EXERCISE PROMPT: Locate the line bearing "財政部PPP入庫項目數量的行業分布" in the material below, then reproduce it and each following line up to and including the line bearing "Creativ Company Vellen".

MATERIAL PROVIDED:
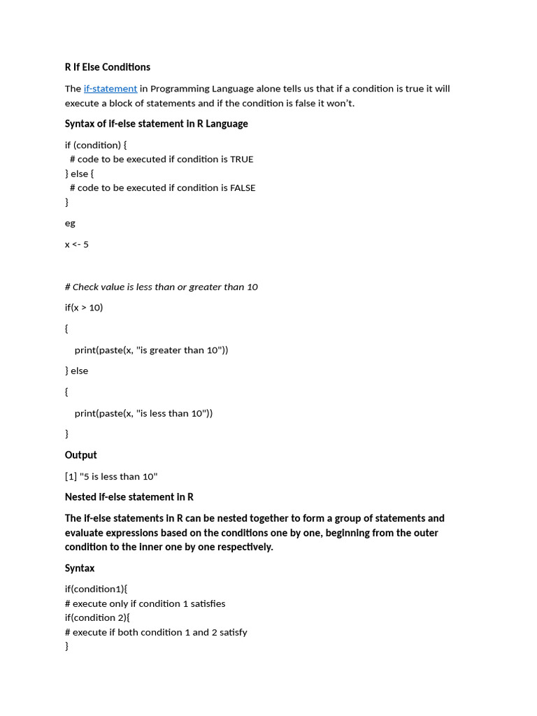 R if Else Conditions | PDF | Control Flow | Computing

--

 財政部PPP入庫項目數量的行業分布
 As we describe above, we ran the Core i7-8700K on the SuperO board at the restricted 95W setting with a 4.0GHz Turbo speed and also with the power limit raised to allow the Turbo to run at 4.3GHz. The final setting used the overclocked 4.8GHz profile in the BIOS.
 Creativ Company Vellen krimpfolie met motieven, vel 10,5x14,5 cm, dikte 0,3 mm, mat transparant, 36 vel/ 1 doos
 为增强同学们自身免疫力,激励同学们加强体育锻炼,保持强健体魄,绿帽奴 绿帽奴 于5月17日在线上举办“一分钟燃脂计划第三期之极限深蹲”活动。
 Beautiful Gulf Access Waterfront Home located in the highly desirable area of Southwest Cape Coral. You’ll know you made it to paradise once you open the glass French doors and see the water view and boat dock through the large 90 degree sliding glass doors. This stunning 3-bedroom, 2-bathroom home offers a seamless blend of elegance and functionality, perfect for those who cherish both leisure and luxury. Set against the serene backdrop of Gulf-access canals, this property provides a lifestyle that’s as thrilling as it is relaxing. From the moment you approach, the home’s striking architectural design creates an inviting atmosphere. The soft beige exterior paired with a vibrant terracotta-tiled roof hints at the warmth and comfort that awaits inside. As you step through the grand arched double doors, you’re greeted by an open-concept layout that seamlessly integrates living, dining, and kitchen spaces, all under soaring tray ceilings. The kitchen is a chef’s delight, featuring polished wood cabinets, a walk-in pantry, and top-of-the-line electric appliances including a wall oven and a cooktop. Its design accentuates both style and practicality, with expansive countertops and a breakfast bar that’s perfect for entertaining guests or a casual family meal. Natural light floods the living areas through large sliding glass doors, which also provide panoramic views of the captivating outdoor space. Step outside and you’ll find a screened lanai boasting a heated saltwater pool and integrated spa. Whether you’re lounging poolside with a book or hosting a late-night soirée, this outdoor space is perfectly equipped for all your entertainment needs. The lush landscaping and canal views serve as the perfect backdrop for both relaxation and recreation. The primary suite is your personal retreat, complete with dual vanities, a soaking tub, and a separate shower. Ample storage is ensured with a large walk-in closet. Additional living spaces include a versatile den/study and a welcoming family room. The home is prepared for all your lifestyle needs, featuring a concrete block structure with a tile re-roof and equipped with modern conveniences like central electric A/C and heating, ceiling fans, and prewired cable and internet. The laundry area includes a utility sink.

PROBLEM SOLUTION:
 財政部PPP入庫項目數量的行業分布
 As we describe above, we ran the Core i7-8700K on the SuperO board at the restricted 95W setting with a 4.0GHz Turbo speed and also with the power limit raised to allow the Turbo to run at 4.3GHz. The final setting used the overclocked 4.8GHz profile in the BIOS.
 Creativ Company Vellen krimpfolie met motieven, vel 10,5x14,5 cm, dikte 0,3 mm, mat transparant, 36 vel/ 1 doos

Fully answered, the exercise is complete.